Can subsequent writes in .NET be reordered by the runtime or the processor?

Asked 27/8, 2014 at 6:4 Answered 27/8, 2014 at 9:51

I have immutable objects whose hashcode I wish to calculate lazily. I've implemented

private bool _HasHashCode = false;
private int _HashCode;
public override int GetHashCode()
{
    if (_HasHashCode)
        return _HashCode;

    long hashCode;
    unchecked
    {
        hashCode = Digits;
        hashCode = (hashCode*397) ^ XI;
        hashCode = (hashCode*397) ^ YI;
        hashCode = (int) ( hashCode % Int32.MaxValue);
    }

    // is it possible that these two write instructions
    // get reordered on a certain .NET/CPU architecture 
    // combination:

    _HashCode = (int)hashCode;
    _HasHashCode = true;

    return _HashCode;
}

My reasoning is that the 32 bit _HashCode member is 32 bit and writes to it are atomic so even if the calculation is run twice due to a race condition on setting the _HasHashCode property it doesn't matter as the same value will be calculated each time.

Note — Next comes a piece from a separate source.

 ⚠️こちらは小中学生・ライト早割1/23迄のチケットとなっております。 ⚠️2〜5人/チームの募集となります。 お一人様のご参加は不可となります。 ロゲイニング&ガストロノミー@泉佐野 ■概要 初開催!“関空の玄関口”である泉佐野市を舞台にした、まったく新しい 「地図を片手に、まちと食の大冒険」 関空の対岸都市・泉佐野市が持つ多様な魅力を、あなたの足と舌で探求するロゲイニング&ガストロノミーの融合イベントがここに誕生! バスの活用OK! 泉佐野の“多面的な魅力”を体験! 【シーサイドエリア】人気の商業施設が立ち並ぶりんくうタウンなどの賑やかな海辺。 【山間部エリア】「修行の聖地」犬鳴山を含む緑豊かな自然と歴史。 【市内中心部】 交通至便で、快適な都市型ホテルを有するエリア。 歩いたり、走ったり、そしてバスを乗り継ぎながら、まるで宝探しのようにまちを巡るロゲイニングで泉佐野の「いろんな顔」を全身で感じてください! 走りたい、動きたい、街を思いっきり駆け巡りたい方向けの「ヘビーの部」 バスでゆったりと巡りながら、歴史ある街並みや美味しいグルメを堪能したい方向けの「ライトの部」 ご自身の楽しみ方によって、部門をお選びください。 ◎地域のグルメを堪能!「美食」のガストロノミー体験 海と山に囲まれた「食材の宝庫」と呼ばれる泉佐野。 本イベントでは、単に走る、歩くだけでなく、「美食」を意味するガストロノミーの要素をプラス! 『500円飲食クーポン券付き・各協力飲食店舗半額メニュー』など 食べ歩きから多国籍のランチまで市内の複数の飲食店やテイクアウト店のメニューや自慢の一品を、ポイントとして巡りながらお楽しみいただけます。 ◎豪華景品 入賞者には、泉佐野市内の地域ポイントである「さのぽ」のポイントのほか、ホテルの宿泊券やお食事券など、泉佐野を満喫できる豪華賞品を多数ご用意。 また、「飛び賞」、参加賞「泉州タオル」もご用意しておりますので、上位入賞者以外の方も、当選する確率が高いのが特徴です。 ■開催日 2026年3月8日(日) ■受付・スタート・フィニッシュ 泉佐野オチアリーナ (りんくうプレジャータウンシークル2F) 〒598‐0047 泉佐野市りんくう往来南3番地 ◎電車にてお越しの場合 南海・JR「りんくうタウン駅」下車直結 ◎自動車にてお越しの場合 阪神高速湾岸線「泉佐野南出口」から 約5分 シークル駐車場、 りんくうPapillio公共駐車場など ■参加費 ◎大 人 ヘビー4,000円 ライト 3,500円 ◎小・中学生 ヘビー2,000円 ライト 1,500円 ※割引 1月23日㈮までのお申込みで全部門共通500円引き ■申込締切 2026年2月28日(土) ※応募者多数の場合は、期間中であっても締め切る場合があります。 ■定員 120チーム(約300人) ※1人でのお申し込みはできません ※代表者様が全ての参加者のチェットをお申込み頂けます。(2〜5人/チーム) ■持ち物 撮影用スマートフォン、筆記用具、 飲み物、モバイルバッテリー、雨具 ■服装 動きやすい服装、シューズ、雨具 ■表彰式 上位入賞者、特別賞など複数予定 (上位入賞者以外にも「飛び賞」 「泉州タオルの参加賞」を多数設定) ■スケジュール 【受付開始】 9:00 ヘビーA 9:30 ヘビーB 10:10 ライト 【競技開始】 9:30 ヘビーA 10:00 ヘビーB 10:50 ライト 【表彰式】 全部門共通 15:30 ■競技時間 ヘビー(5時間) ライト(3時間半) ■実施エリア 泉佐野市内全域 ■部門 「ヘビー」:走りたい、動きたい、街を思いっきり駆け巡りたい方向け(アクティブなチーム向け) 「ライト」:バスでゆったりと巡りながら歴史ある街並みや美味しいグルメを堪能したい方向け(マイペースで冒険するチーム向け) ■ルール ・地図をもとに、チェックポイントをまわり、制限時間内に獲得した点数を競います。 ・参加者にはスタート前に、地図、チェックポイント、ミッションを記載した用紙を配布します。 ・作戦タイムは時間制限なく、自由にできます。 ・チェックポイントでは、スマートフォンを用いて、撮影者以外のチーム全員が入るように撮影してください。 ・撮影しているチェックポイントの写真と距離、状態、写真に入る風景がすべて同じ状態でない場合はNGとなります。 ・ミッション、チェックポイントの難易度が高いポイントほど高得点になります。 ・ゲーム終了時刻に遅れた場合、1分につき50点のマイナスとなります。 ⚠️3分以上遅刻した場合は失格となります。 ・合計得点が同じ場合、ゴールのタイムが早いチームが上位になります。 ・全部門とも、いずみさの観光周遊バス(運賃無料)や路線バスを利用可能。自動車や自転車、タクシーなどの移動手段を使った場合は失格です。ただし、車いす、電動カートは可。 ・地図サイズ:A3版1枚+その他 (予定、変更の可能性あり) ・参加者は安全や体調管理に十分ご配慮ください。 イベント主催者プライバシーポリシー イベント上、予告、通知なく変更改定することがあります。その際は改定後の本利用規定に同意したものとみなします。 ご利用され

My worry is that the CLR might reorder the write to _HashCode and _HasHashCode. Is this a concern or can I be sure the CLR doesn't reorder writes?

Sammy answered 27/8, 2014 at 6:4 Comment(6)

My knowledge of this sort of thing is not very good, but I'd suggest you put "volatile" on the two private variables. – Personalize 27/8, 2014 at 6:12

Just use 0 as special value that never show up in your hash code - so you can have just one variable... Side note: your object is not really immutable if you can update hashcode later. Computing it at the moment of freezing the object will be easier to reason about and may not cost much... – Rundle 27/8, 2014 at 6:36

@AlexeiLevenkov: "Computing it at the moment of freezing the object will be easier to reason about and may not cost much." I'm thinking that will depend a lot on how many of these objects get created and destroyed as compared to how often one of them gets put in a hash table. If 10 million of them are created (and destroyed) without GetHashCode() getting called on any of them, then 10 million hash codes will have been computed unnecessarily. But only the OP knows the ratio of object creation to usage of GetHashCode(). – Personalize 27/8, 2014 at 7:20

Just calculate the hashcode at the moment you create the object and be done with it. Your hash algorithm isn't computationally expensive and it'll take care of any concerns. – Oas 27/8, 2014 at 8:48

This question appears to be off-topic because it belongs to codereview.stackexchange.com – Joellejoellen 27/8, 2014 at 9:7

@Personalize Good point... I'm sure I did not stress "may not cost much" part of my comment enough... I generally prefer correct code over fast and possibly correct one - if I need to spend 2 days trying to figure out if my code is correct it is most likely not a good investment... – Rundle 27/8, 2014 at 17:59

There's a lazy approach here: avoid the issue and avoid the question. For example, re-ordering is only a concern if there are two "things" - one "thing" can never be out of order. You could sacrifice the sentinel value of 0 to mean "not yet calculated" - then as the last step of the calculation, avoid the sentinel:

int hash;
public override int GetHashCode()
{
    var snapshot = hash;
    if(snapshot == 0) // means: not yet calculated
    {
        // snapshot = ... your actual implementation

        if(snapshot == 0) snapshot = -124987; // avoid sentinel value
        hash = snapshot;
    }
    return snapshot;
}

Note that int reads and writes are guaranteed to be atomic, which also helps.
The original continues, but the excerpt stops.